(Items from a data source)

====

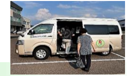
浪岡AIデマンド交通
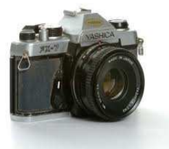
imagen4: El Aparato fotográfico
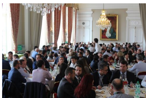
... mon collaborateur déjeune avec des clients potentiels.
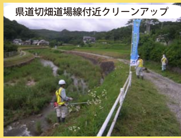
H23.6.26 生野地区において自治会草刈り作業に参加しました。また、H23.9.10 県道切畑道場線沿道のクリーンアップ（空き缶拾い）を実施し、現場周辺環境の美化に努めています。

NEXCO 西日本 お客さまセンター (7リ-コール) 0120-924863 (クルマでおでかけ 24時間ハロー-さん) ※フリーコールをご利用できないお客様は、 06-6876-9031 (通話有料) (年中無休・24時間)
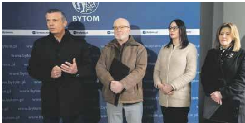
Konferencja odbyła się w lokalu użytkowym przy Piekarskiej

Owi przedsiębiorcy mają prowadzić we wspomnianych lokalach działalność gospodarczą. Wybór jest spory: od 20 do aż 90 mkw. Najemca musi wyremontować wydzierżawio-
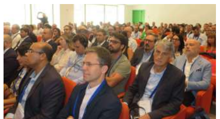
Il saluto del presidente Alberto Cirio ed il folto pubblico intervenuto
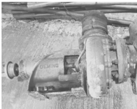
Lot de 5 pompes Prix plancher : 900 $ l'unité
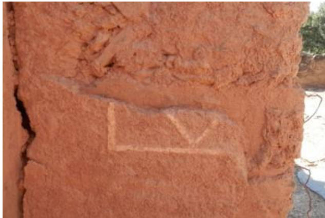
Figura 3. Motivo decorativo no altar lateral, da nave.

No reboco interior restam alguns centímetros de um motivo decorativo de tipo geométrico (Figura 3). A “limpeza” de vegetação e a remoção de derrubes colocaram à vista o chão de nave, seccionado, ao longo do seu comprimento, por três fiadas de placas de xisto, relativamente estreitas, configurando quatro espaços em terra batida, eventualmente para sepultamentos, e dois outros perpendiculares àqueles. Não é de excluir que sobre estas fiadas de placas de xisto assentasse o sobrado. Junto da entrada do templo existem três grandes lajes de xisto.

====

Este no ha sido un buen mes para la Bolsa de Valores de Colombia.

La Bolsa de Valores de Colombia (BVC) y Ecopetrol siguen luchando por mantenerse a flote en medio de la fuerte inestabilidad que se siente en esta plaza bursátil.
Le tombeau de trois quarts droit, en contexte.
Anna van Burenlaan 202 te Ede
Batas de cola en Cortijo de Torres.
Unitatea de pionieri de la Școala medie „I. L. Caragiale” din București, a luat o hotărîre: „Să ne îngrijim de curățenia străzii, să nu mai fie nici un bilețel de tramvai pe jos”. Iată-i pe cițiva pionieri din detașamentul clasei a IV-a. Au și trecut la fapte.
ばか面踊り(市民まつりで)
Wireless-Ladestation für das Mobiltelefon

====

(DIRECTIONS FOR THIS TASK)
Note every line of the records that holds the word "Colombia", and copy it.

(TASK ANSWER)
Este no ha sido un buen mes para la Bolsa de Valores de Colombia.
La Bolsa de Valores de Colombia (BVC) y Ecopetrol siguen luchando por mantenerse a flote en medio de la fuerte inestabilidad que se siente en esta plaza bursátil.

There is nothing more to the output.